**Exercise:**
Line for line, return the data exactly, omitting all pictures.
━━━ Excerpted data ━━━
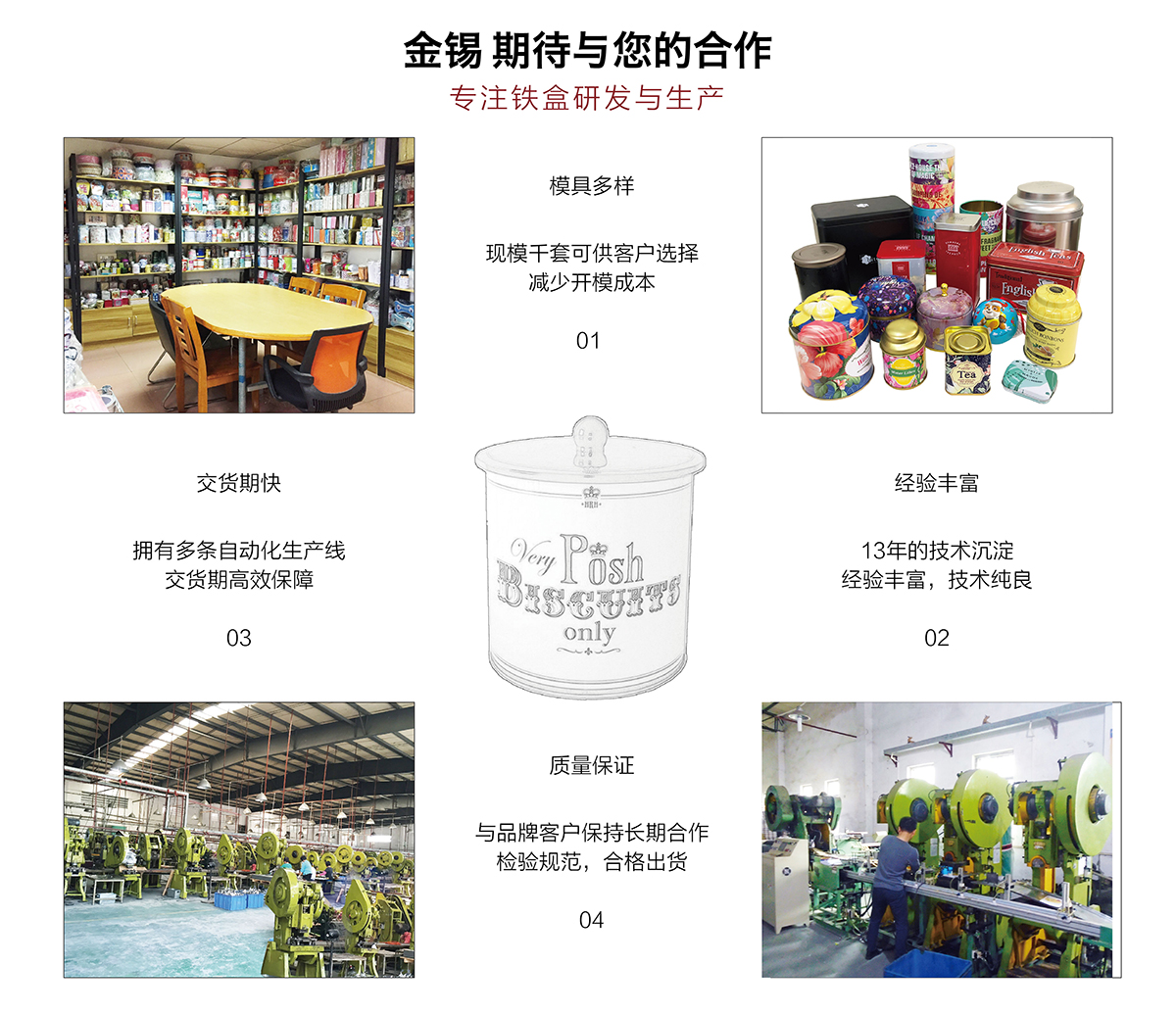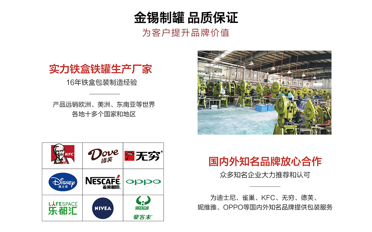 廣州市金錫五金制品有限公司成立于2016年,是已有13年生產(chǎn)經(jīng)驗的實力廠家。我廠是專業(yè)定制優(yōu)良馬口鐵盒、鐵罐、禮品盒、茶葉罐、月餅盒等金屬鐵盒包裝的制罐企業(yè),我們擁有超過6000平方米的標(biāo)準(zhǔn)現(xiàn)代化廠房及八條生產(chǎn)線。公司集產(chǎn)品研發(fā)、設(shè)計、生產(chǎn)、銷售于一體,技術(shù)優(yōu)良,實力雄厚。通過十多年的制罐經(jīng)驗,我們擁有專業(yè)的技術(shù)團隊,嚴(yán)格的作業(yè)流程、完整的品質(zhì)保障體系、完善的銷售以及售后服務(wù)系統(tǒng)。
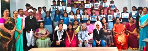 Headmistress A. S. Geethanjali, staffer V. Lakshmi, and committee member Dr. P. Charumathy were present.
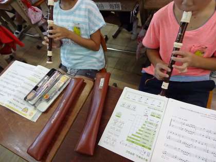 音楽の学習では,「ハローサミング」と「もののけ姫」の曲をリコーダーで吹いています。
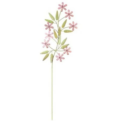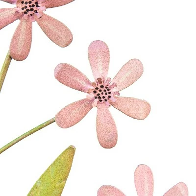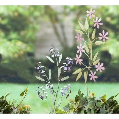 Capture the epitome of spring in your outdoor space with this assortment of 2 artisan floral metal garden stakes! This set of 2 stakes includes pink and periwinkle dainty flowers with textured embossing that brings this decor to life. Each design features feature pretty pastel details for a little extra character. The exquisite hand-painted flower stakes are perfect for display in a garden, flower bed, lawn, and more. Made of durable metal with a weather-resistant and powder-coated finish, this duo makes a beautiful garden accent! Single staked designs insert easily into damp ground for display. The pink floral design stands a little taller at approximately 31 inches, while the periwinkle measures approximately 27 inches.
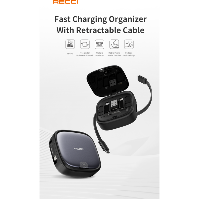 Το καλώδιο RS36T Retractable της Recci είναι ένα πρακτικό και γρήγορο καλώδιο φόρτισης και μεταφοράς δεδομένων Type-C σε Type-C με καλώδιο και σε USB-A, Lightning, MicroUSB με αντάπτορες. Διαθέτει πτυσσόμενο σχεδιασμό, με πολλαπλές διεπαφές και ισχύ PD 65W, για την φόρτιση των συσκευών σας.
━━━
**Exercise answer:**
 廣州市金錫五金制品有限公司成立于2016年,是已有13年生產(chǎn)經(jīng)驗的實力廠家。我廠是專業(yè)定制優(yōu)良馬口鐵盒、鐵罐、禮品盒、茶葉罐、月餅盒等金屬鐵盒包裝的制罐企業(yè),我們擁有超過6000平方米的標(biāo)準(zhǔn)現(xiàn)代化廠房及八條生產(chǎn)線。公司集產(chǎn)品研發(fā)、設(shè)計、生產(chǎn)、銷售于一體,技術(shù)優(yōu)良,實力雄厚。通過十多年的制罐經(jīng)驗,我們擁有專業(yè)的技術(shù)團隊,嚴(yán)格的作業(yè)流程、完整的品質(zhì)保障體系、完善的銷售以及售后服務(wù)系統(tǒng)。
 Headmistress A. S. Geethanjali, staffer V. Lakshmi, and committee member Dr. P. Charumathy were present.
 音楽の学習では,「ハローサミング」と「もののけ姫」の曲をリコーダーで吹いています。
 Capture the epitome of spring in your outdoor space with this assortment of 2 artisan floral metal garden stakes! This set of 2 stakes includes pink and periwinkle dainty flowers with textured embossing that brings this decor to life. Each design features feature pretty pastel details for a little extra character. The exquisite hand-painted flower stakes are perfect for display in a garden, flower bed, lawn, and more. Made of durable metal with a weather-resistant and powder-coated finish, this duo makes a beautiful garden accent! Single staked designs insert easily into damp ground for display. The pink floral design stands a little taller at approximately 31 inches, while the periwinkle measures approximately 27 inches.
 Το καλώδιο RS36T Retractable της Recci είναι ένα πρακτικό και γρήγορο καλώδιο φόρτισης και μεταφοράς δεδομένων Type-C σε Type-C με καλώδιο και σε USB-A, Lightning, MicroUSB με αντάπτορες. Διαθέτει πτυσσόμενο σχεδιασμό, με πολλαπλές διεπαφές και ισχύ PD 65W, για την φόρτιση των συσκευών σας.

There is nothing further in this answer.